**What to work on**
In the data below, the answer is the run of lines from the line containing "中国国家市场监管总局称,近日" through the line containing "Line Infantry –", both included; print it exactly and nothing else.

**Entries supplied**
··········
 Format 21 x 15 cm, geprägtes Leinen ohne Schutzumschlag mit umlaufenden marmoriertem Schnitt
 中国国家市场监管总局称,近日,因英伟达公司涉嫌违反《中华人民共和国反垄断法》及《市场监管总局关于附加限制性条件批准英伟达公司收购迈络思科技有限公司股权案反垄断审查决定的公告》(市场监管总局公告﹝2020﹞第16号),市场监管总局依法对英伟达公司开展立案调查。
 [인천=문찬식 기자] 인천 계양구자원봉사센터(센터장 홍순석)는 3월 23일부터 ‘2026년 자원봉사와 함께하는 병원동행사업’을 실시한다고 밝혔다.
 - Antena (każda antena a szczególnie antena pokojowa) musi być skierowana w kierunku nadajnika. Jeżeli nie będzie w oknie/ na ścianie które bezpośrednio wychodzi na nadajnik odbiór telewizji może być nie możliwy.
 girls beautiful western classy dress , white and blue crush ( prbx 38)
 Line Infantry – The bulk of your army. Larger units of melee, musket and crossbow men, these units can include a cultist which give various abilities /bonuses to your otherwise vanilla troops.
··········
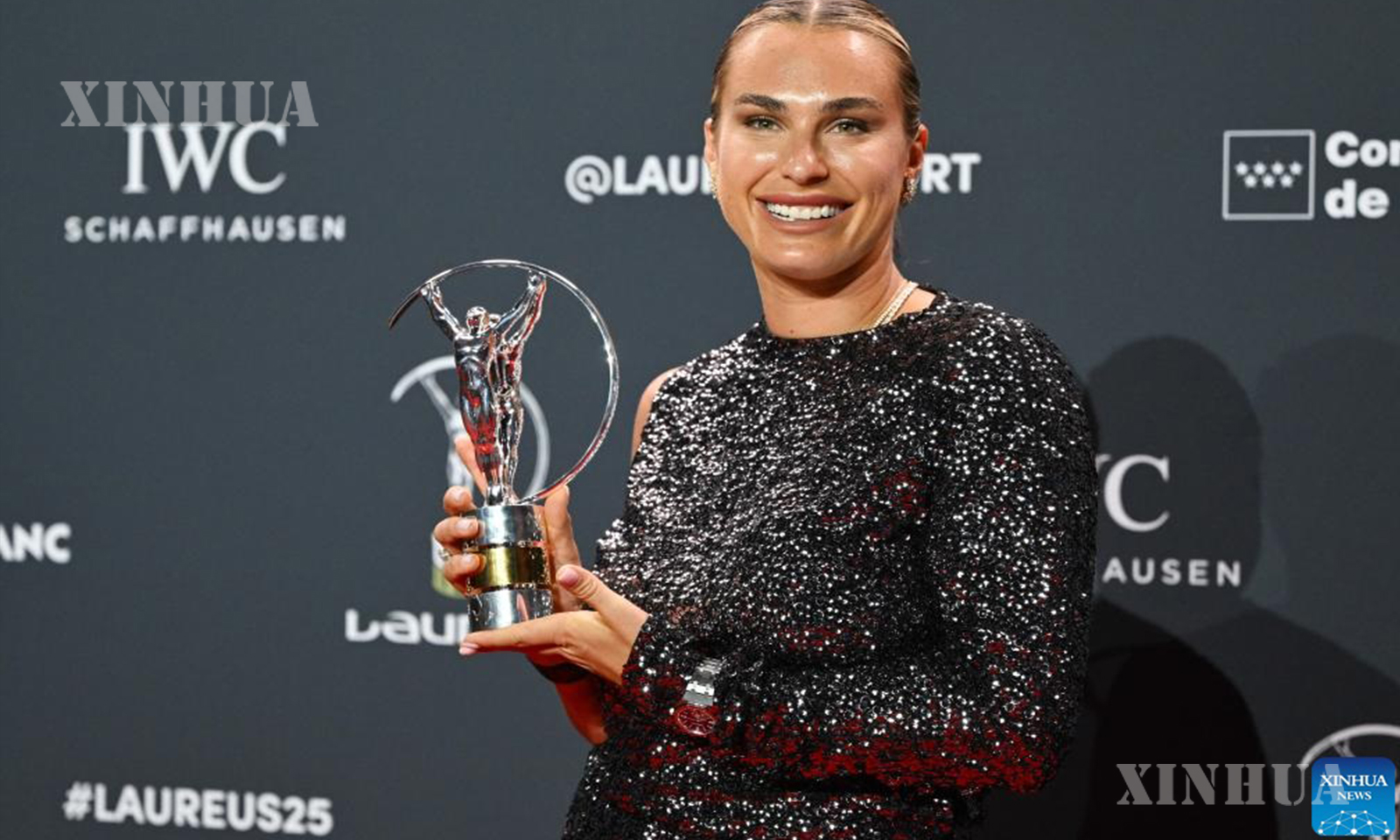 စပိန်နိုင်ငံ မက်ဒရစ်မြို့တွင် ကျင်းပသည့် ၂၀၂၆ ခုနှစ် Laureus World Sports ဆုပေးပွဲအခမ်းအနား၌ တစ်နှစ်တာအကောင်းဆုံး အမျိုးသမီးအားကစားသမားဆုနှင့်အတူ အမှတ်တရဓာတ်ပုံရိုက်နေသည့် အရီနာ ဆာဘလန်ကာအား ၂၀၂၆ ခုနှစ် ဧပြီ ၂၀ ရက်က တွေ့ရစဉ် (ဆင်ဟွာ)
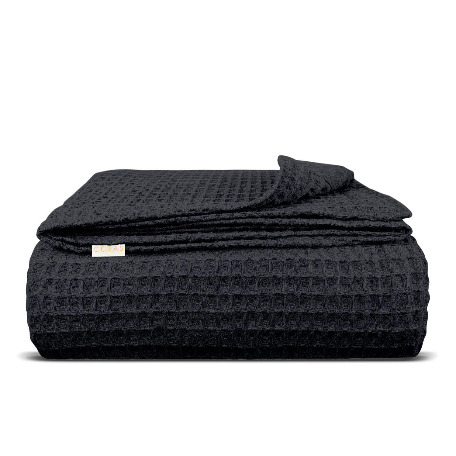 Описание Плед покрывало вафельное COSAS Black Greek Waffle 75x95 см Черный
··········
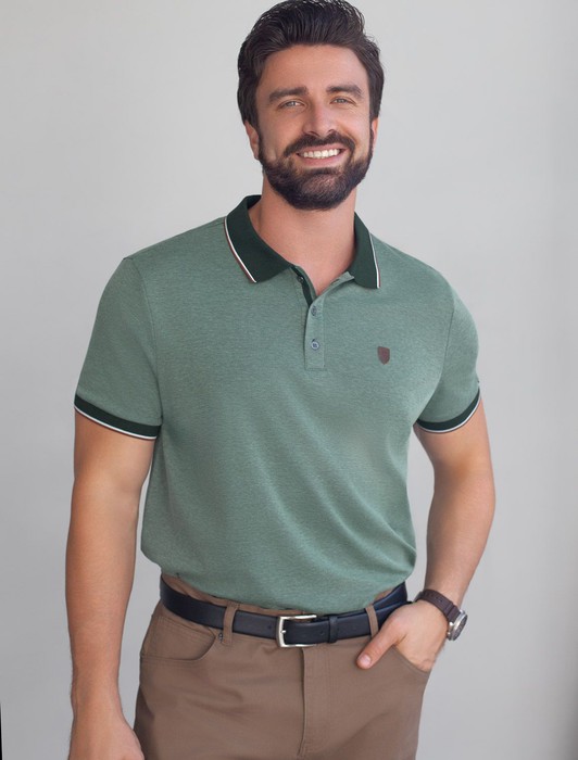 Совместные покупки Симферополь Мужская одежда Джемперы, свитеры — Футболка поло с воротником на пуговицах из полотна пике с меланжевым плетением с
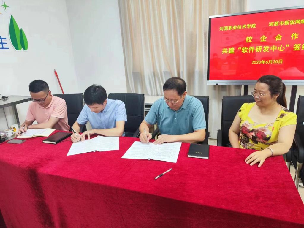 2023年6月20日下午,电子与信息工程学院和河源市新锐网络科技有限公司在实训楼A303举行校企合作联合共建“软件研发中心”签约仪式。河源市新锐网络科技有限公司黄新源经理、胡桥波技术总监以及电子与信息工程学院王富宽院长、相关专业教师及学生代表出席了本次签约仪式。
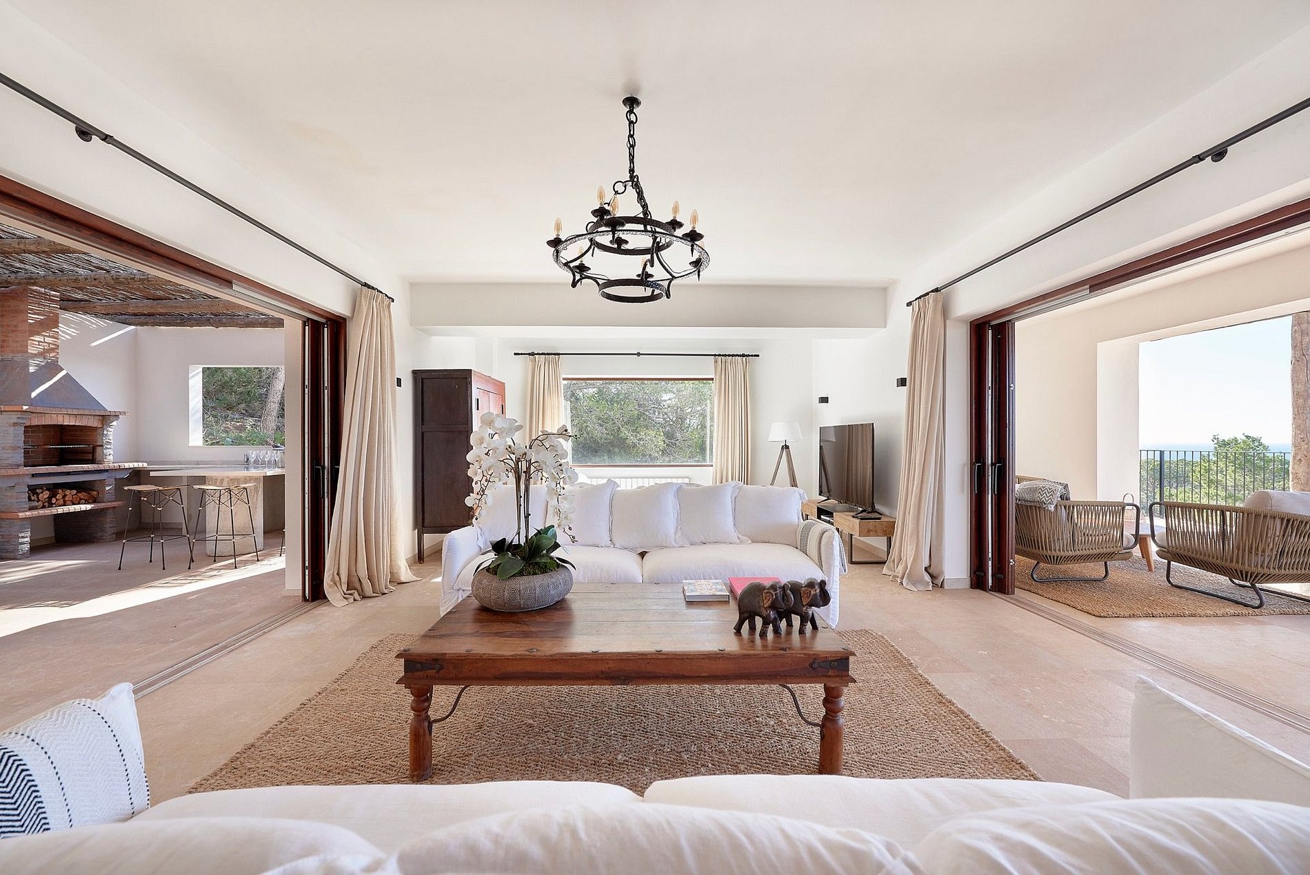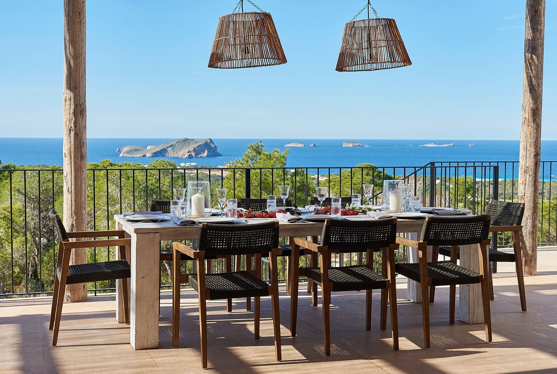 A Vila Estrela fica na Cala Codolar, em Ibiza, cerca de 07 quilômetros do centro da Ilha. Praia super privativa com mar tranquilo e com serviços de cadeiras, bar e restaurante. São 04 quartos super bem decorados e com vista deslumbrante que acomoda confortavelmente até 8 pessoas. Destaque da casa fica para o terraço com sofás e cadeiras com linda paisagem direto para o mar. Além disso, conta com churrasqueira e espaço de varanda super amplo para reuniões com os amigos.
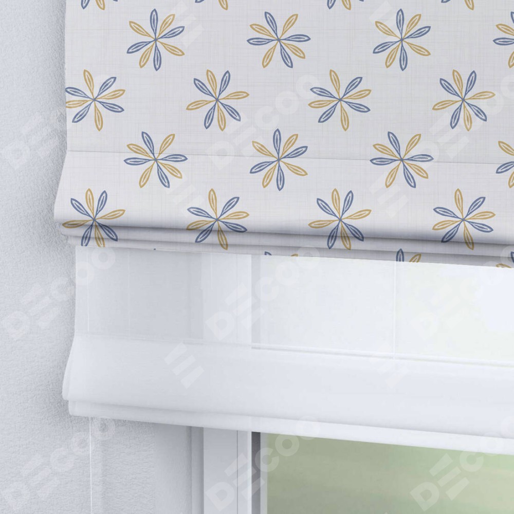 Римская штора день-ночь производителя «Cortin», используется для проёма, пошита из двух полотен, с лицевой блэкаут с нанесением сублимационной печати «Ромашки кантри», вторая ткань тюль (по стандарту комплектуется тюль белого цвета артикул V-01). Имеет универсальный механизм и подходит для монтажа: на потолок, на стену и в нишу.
··········
**Exercise solution**
 中国国家市场监管总局称,近日,因英伟达公司涉嫌违反《中华人民共和国反垄断法》及《市场监管总局关于附加限制性条件批准英伟达公司收购迈络思科技有限公司股权案反垄断审查决定的公告》(市场监管总局公告﹝2020﹞第16号),市场监管总局依法对英伟达公司开展立案调查。
 [인천=문찬식 기자] 인천 계양구자원봉사센터(센터장 홍순석)는 3월 23일부터 ‘2026년 자원봉사와 함께하는 병원동행사업’을 실시한다고 밝혔다.
 - Antena (każda antena a szczególnie antena pokojowa) musi być skierowana w kierunku nadajnika. Jeżeli nie będzie w oknie/ na ścianie które bezpośrednio wychodzi na nadajnik odbiór telewizji może być nie możliwy.
 girls beautiful western classy dress , white and blue crush ( prbx 38)
 Line Infantry – The bulk of your army. Larger units of melee, musket and crossbow men, these units can include a cultist which give various abilities /bonuses to your otherwise vanilla troops.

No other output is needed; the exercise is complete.